# from Windows 8 to 7



## Subhankar Mondal (Sep 5, 2013)

When we buy a laptop, the default os is often windows 8.
Can I change to W-7 immediately?
will I be provided with a original windows 7 CD?


----------



## harshilsharma63 (Sep 5, 2013)

You can install any OS, but you won't be provided with a genuine copy of Windows 7. Why do you want to downgrade from Windows 8 to Windows 7?


----------



## $hadow (Sep 5, 2013)

Why don't you dual boot the device.


----------



## dashing.sujay (Sep 5, 2013)

Windows 8 to windows 7 is not downgrade.


----------



## harshilsharma63 (Sep 5, 2013)

dashing.sujay said:


> Windows 8 to windows 7 is not downgrade.



Okay, that's subjective.


----------



## dashing.sujay (Sep 5, 2013)

harshilsharma63 said:


> Okay, that's subjective.



Ek poll ho jaye ?


----------



## harshilsharma63 (Sep 6, 2013)

dashing.sujay said:


> Ek poll ho jaye ?



*www.thinkdigit.com/forum/software-q/177557-your-primary-os.html


----------



## dashing.sujay (Sep 6, 2013)

harshilsharma63 said:


> *www.thinkdigit.com/forum/software-q/177557-your-primary-os.html



It had to be just b/w win 7 and 8.


----------



## swiftshashi (Sep 6, 2013)

Subhankar Mondal said:


> When we buy a laptop, the default os is often windows 8.
> Can I change to W-7 immediately?
> will I be provided with a original windows 7 CD?




Yes you can change to Win 7;No you wont be provided be a Win 7 cd if preinstalled OS is Win 8
OFFTOPIC
Are you from Ranchi by any chance??And if yes,were you in JVM evening branch??


----------



## keshab.nayak (Sep 7, 2013)

even i want to install windows 7 also....   but do u guys think windows 7 willl support all the latest hardwere  things in lenovo y510p .


----------



## Subhankar Mondal (Sep 8, 2013)

Actually I feel uneasy with this new windows 8 os.



$hadow said:


> Why don't you dual boot the device.



I have no idea to use dual boot both w8 and 7 .Is it possible?


----------



## harshilsharma63 (Sep 8, 2013)

If a laptop came with pre-installed windows 8, windows 7 drivers for it will not be available.
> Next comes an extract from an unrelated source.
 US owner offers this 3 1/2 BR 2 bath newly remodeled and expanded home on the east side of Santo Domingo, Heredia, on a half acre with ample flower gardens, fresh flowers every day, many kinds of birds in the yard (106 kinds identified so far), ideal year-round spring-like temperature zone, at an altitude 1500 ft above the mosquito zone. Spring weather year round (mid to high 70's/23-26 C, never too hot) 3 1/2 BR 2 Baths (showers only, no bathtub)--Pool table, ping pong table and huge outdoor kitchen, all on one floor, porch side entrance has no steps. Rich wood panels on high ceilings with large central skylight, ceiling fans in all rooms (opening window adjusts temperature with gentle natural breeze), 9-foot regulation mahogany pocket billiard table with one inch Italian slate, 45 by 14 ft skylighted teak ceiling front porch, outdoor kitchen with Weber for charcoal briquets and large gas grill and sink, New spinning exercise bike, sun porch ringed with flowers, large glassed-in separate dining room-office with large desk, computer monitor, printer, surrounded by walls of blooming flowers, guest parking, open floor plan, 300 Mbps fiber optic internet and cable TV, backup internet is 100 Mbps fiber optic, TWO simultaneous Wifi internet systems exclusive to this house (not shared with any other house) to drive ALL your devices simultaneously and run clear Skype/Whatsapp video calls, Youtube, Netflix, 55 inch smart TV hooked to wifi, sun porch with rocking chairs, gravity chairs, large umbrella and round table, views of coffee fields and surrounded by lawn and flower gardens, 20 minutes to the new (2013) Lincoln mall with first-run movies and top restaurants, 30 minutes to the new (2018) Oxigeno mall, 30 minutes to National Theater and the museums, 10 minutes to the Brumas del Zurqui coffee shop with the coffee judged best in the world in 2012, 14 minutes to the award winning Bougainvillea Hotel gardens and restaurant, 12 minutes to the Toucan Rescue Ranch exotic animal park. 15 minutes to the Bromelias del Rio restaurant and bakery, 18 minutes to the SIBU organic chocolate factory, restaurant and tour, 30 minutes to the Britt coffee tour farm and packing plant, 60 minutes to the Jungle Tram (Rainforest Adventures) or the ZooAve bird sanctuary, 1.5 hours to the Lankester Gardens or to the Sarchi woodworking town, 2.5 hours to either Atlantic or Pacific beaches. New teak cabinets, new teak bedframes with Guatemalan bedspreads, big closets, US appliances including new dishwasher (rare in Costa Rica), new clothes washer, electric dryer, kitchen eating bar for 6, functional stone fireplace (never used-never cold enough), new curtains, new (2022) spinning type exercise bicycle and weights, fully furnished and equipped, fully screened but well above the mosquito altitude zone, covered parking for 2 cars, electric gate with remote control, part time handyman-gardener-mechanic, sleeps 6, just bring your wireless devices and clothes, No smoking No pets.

My suggestion: keep using windows 8 for a few weeks. You'll feel that its not bad.


----------



## $hadow (Sep 8, 2013)

Yeah Harsh is right use it for a few weeks and you will get used to it. We all have our own reasons to hate and like windows 8. If you like than it is good or else make a fresh install of windows 7. 

Now second thing @ harsh lenovo is providing the drivers for y510p for both Windows 8 and 7 so I think it is a good move on the part of lenovo since many other manufacturers who pre installed Windows 8 provides no windows 7 support.


----------



## Subhankar Mondal (Sep 8, 2013)

$hadow said:


> Yeah Harsh is right use it for a few weeks and you will get used to it. We all have our own reasons to hate and like windows 8. If you like than it is good or else make a fresh install of windows 7.
> 
> Now second thing @ harsh lenovo is providing the drivers for y510p for both Windows 8 and 7 so I think it is a good move on the part of lenovo since many other manufacturers who pre installed Windows 8 provides no windows 7 support.




I am happy with your replies.
I am a child in technology world.
Does windows-8  support all pc games?


----------



## $hadow (Sep 8, 2013)

Subhankar Mondal said:


> I am happy with your replies.
> I am a child in technology world.
> Does windows-8  support all pc games?



It depend if you are using original games than the makers of those games does provides patches to the game or you can always run them in compatibility mode with windows 7. Windows 8 will run all of them nearly and the future games will ofcourse support windows 8 by origin.


----------